» **The task**: Search the entries below for "Задание на подготовку". Give that line and all the lines after it again, exactly, through the last, without pictures.

» **Records to process**:
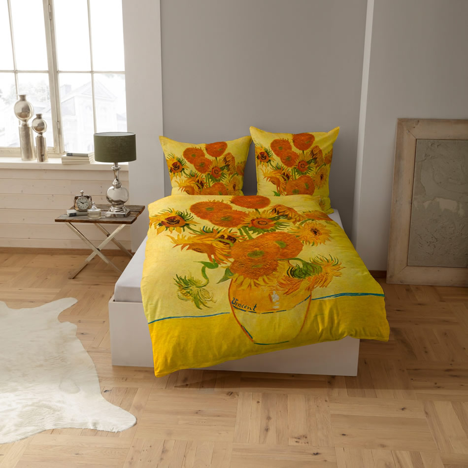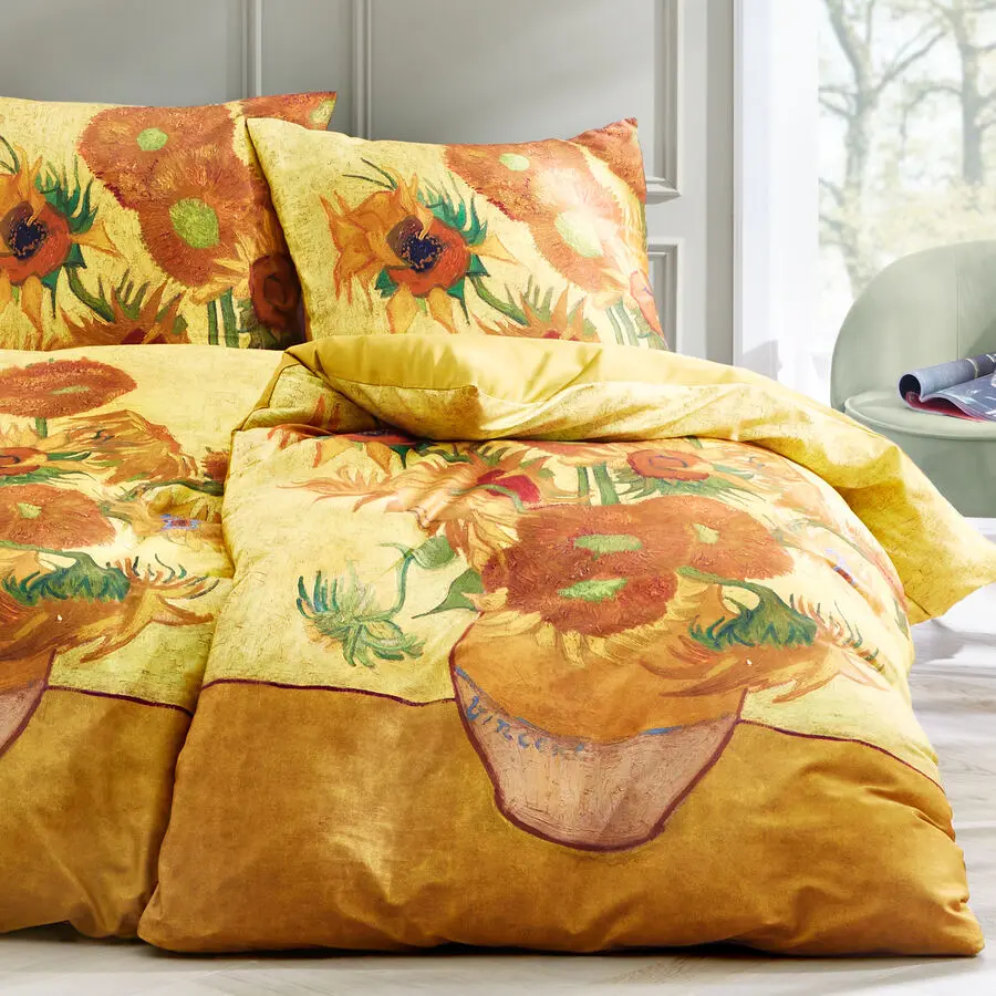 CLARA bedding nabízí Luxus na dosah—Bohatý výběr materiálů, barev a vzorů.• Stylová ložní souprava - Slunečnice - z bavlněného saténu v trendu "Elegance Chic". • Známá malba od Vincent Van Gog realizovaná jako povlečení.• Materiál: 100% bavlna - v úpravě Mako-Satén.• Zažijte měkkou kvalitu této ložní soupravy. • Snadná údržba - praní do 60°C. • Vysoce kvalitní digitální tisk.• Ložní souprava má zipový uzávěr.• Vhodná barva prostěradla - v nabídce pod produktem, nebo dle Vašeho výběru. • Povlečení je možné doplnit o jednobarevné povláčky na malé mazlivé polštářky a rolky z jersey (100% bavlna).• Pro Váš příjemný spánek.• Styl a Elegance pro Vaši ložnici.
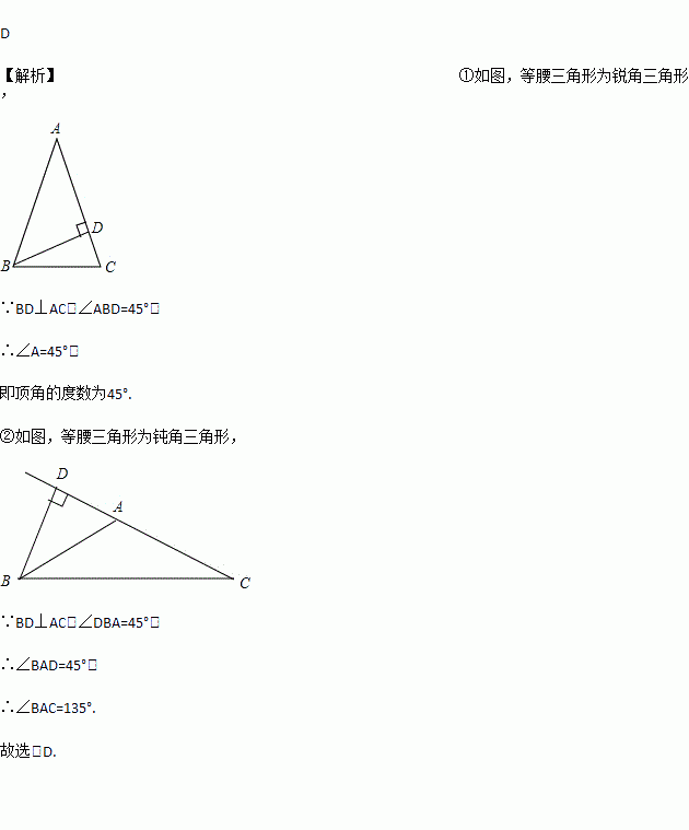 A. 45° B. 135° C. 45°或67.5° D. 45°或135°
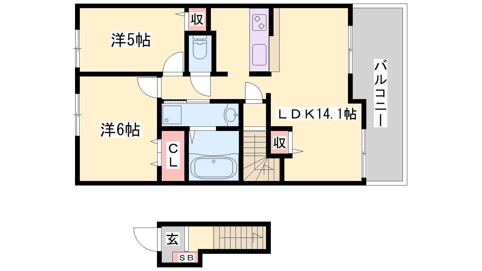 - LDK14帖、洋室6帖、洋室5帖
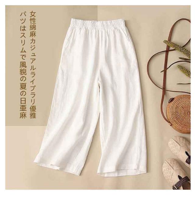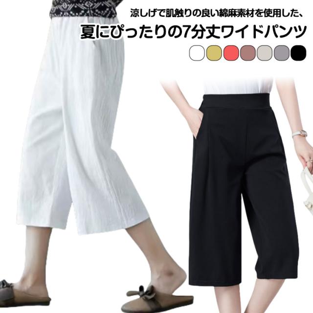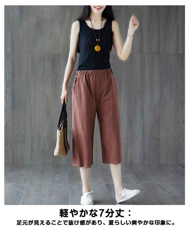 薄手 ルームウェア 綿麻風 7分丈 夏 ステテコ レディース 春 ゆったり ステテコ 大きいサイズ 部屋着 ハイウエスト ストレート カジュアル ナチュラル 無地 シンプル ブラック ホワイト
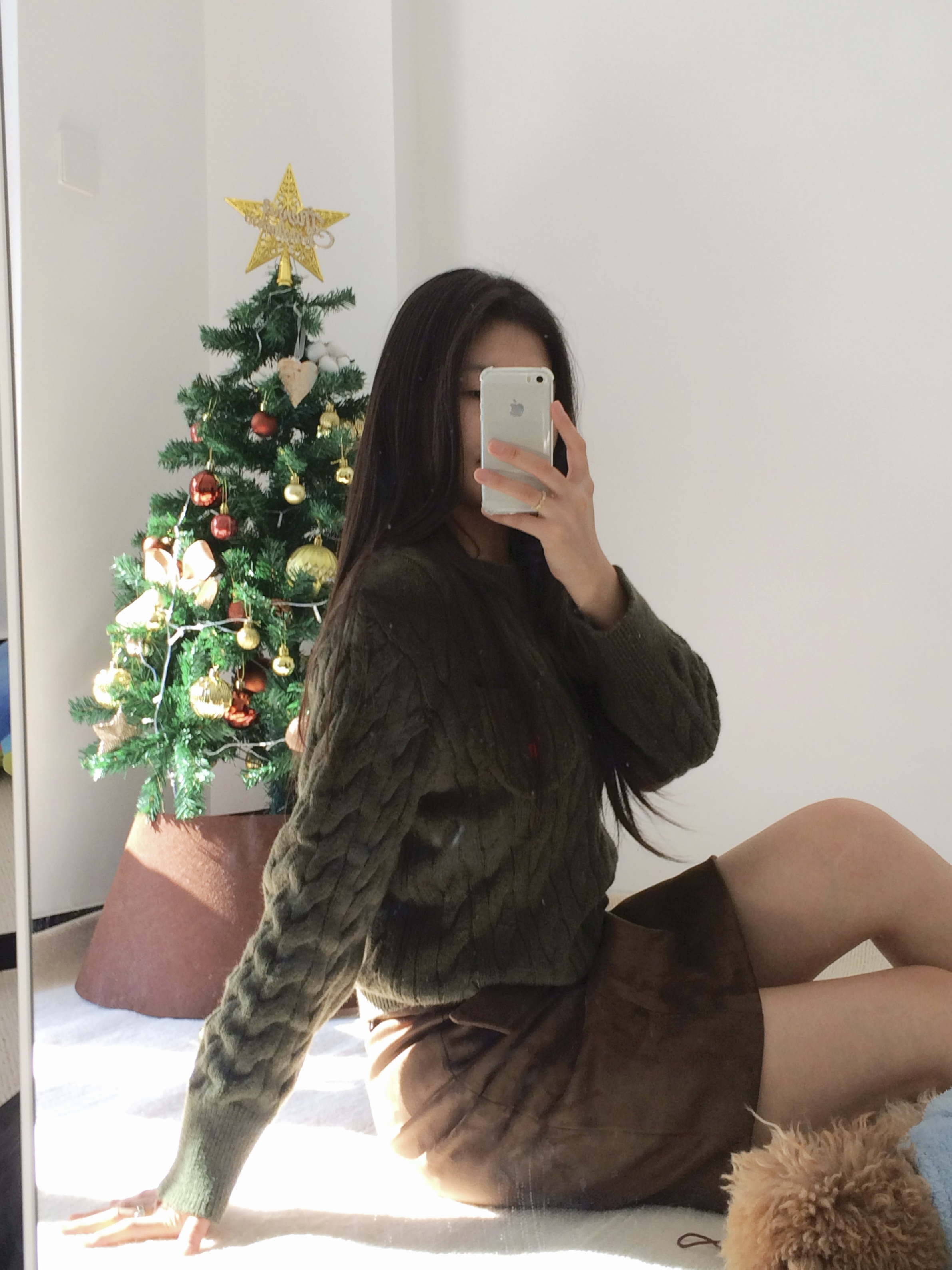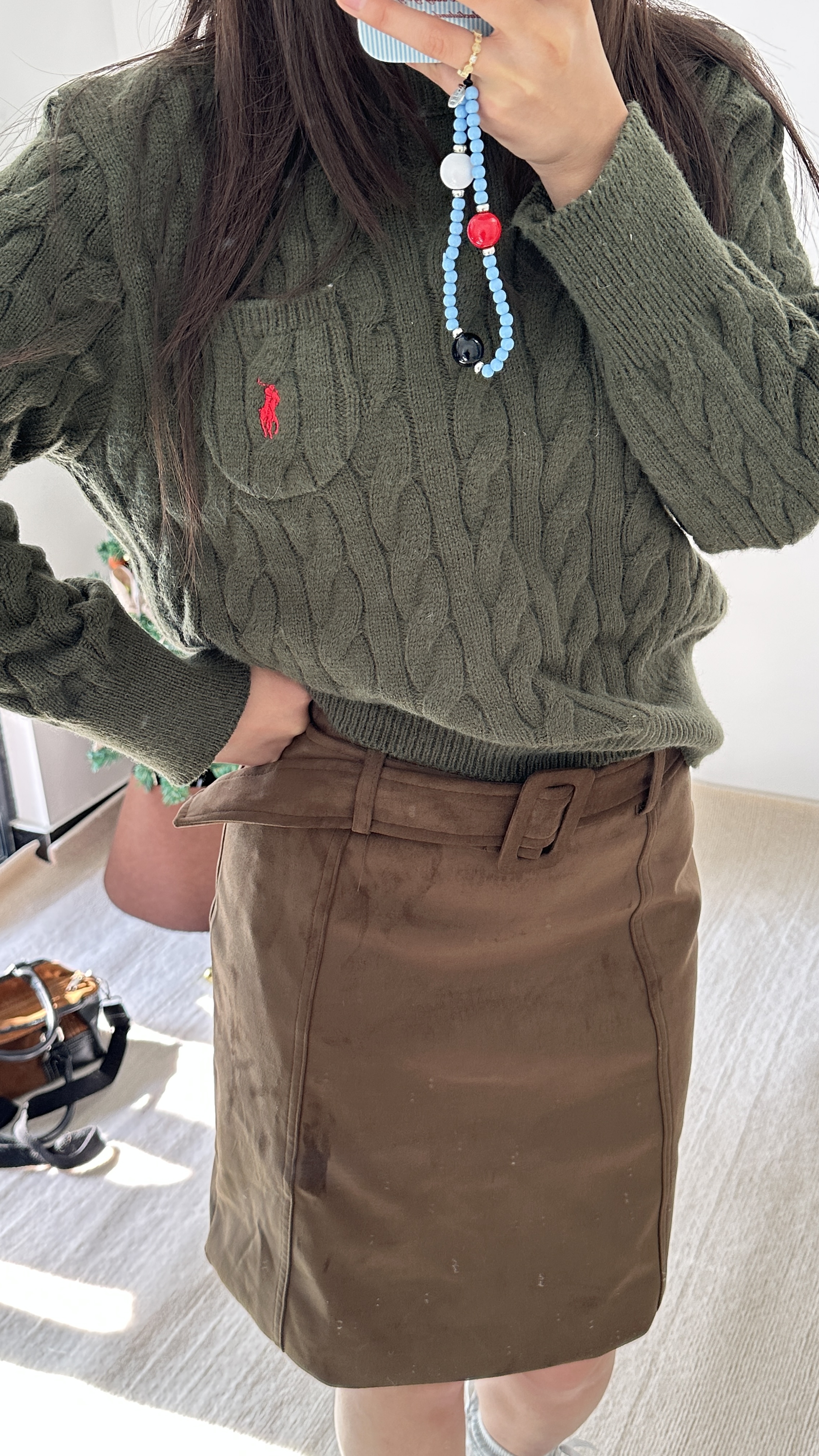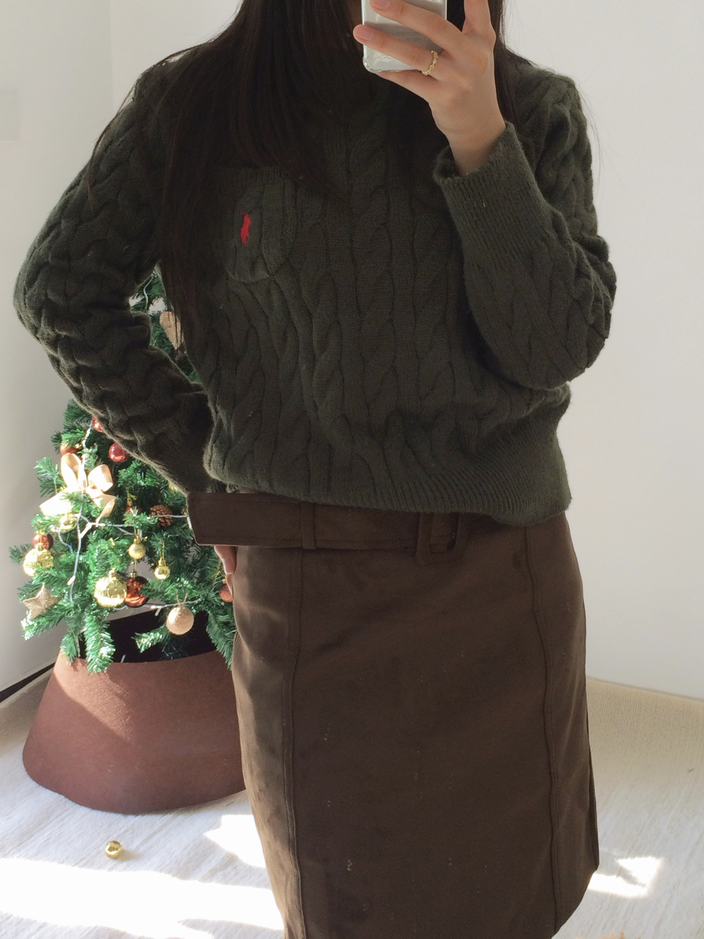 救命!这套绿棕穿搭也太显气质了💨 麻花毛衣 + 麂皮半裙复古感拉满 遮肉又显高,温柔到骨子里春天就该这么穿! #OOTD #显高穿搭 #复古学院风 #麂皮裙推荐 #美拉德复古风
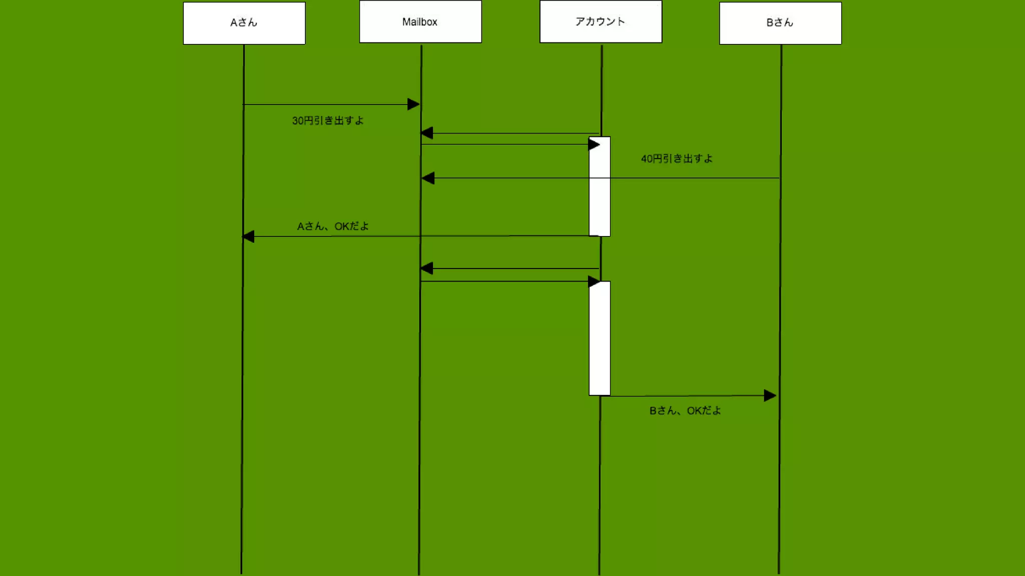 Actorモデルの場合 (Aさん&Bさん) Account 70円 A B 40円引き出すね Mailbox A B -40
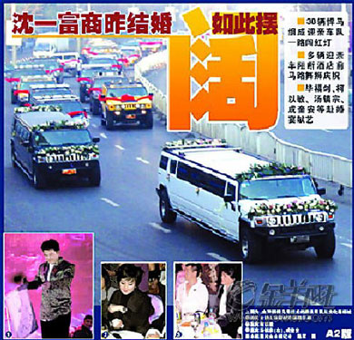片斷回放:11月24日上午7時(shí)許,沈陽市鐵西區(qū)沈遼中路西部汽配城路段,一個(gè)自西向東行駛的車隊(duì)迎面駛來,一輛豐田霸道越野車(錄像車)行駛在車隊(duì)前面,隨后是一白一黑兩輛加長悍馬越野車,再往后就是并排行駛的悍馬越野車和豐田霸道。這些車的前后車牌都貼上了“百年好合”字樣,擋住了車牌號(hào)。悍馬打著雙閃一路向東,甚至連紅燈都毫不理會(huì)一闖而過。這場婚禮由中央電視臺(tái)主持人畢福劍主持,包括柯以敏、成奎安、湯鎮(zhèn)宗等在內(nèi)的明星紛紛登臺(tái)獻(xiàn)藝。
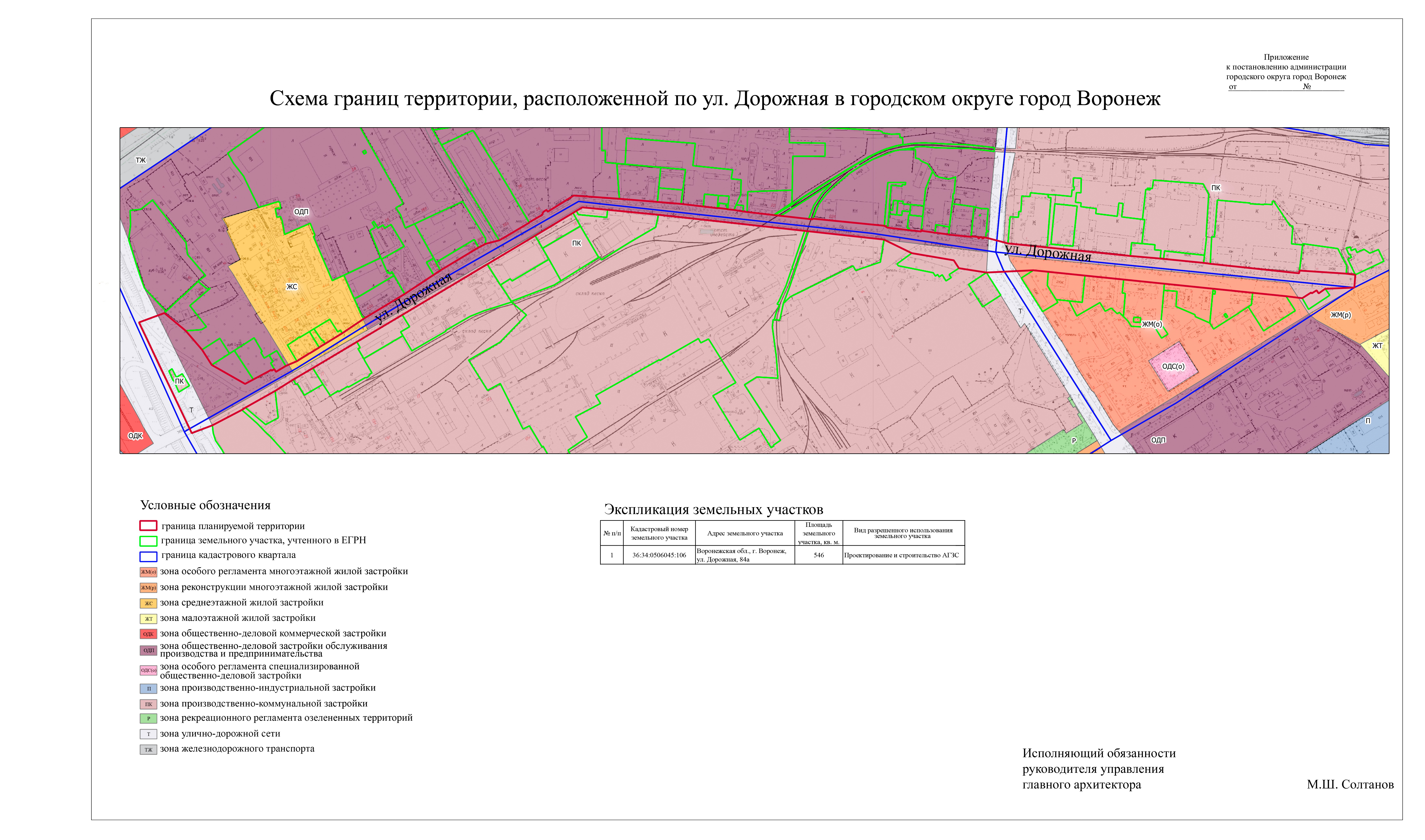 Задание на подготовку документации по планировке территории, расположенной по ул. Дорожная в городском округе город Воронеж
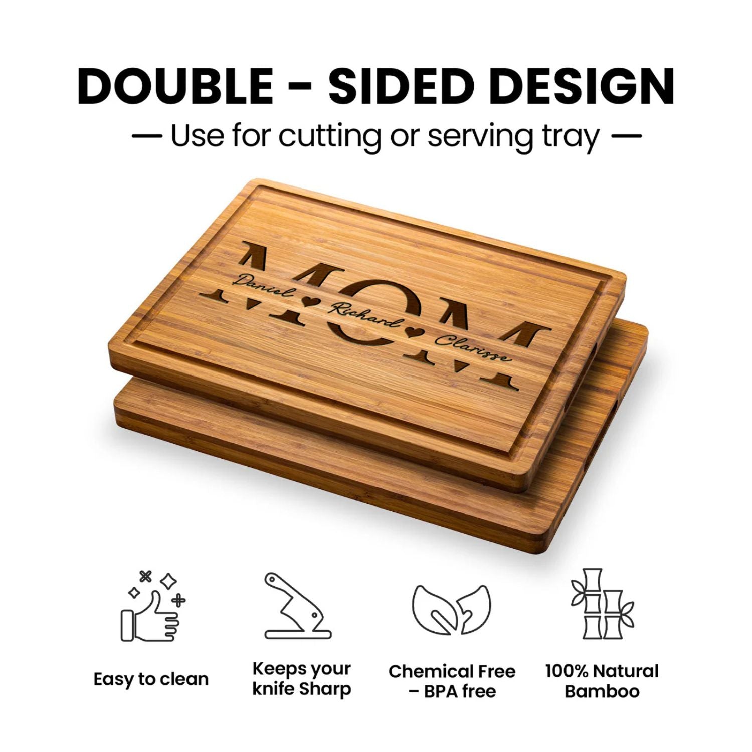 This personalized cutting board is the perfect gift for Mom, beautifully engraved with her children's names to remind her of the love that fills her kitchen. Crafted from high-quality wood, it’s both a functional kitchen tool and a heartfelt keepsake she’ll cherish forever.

» **Problem solution**:
 Задание на подготовку документации по планировке территории, расположенной по ул. Дорожная в городском округе город Воронеж
 This personalized cutting board is the perfect gift for Mom, beautifully engraved with her children's names to remind her of the love that fills her kitchen. Crafted from high-quality wood, it’s both a functional kitchen tool and a heartfelt keepsake she’ll cherish forever.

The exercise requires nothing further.